== MATERIAL TO PROCESS ==
______

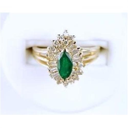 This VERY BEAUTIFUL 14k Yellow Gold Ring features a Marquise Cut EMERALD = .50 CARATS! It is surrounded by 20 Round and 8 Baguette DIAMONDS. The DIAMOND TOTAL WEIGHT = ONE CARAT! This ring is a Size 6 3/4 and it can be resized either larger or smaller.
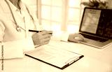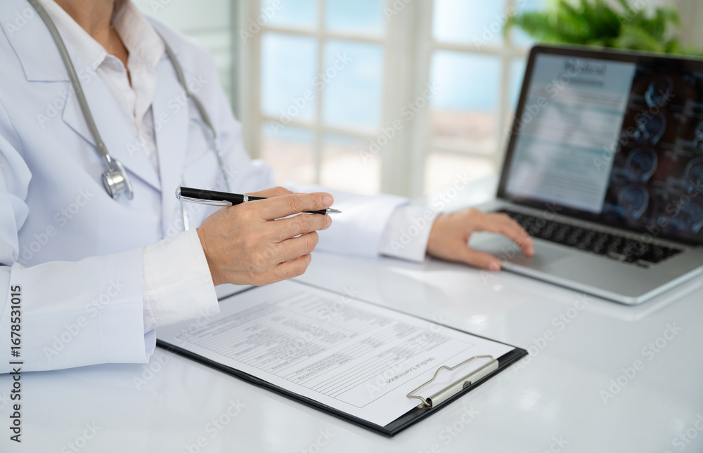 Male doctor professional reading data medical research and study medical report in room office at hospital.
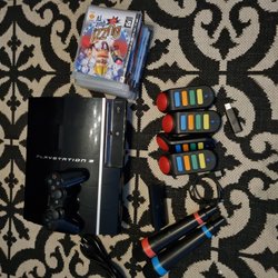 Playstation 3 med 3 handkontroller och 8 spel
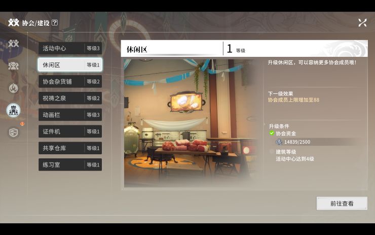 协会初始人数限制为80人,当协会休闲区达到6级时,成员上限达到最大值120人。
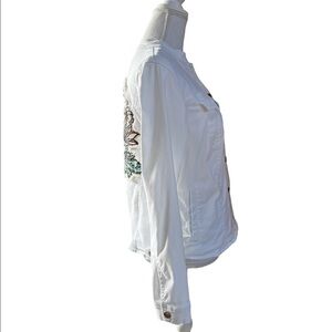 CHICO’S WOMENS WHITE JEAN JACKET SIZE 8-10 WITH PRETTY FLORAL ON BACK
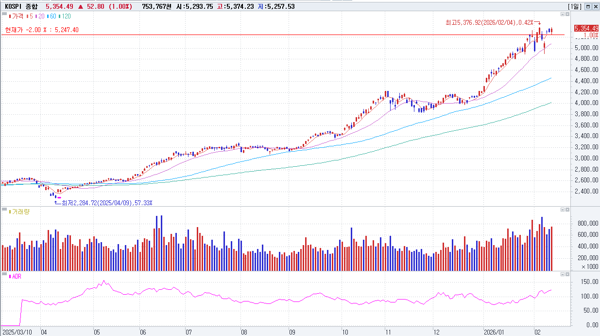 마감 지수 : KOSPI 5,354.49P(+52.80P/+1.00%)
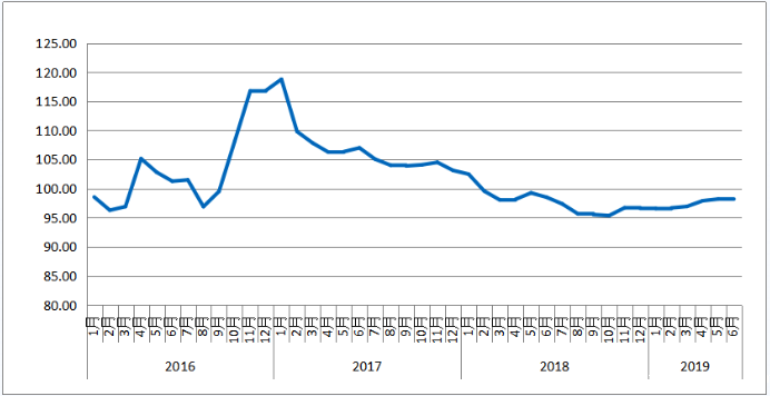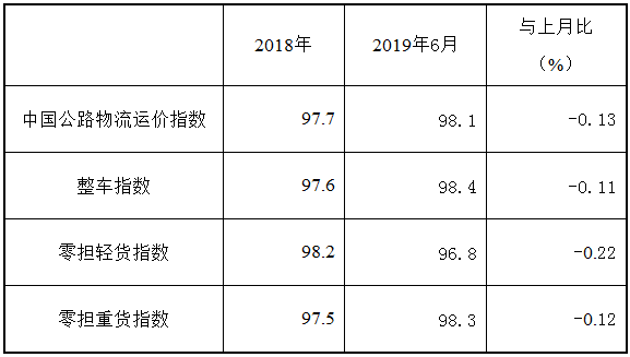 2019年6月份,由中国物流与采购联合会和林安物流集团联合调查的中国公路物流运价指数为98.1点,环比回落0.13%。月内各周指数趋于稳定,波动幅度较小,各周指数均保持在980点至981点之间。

______

== DESCRIPTION OF THE TASK ==
Retype, without any picture, exactly the lines from the one with "CHICO’S WOMENS WHITE" through the end of the entries, inclusive.

== ANSWER TO THE EXERCISE ==
 CHICO’S WOMENS WHITE JEAN JACKET SIZE 8-10 WITH PRETTY FLORAL ON BACK
 마감 지수 : KOSPI 5,354.49P(+52.80P/+1.00%)
 2019年6月份,由中国物流与采购联合会和林安物流集团联合调查的中国公路物流运价指数为98.1点,环比回落0.13%。月内各周指数趋于稳定,波动幅度较小,各周指数均保持在980点至981点之间。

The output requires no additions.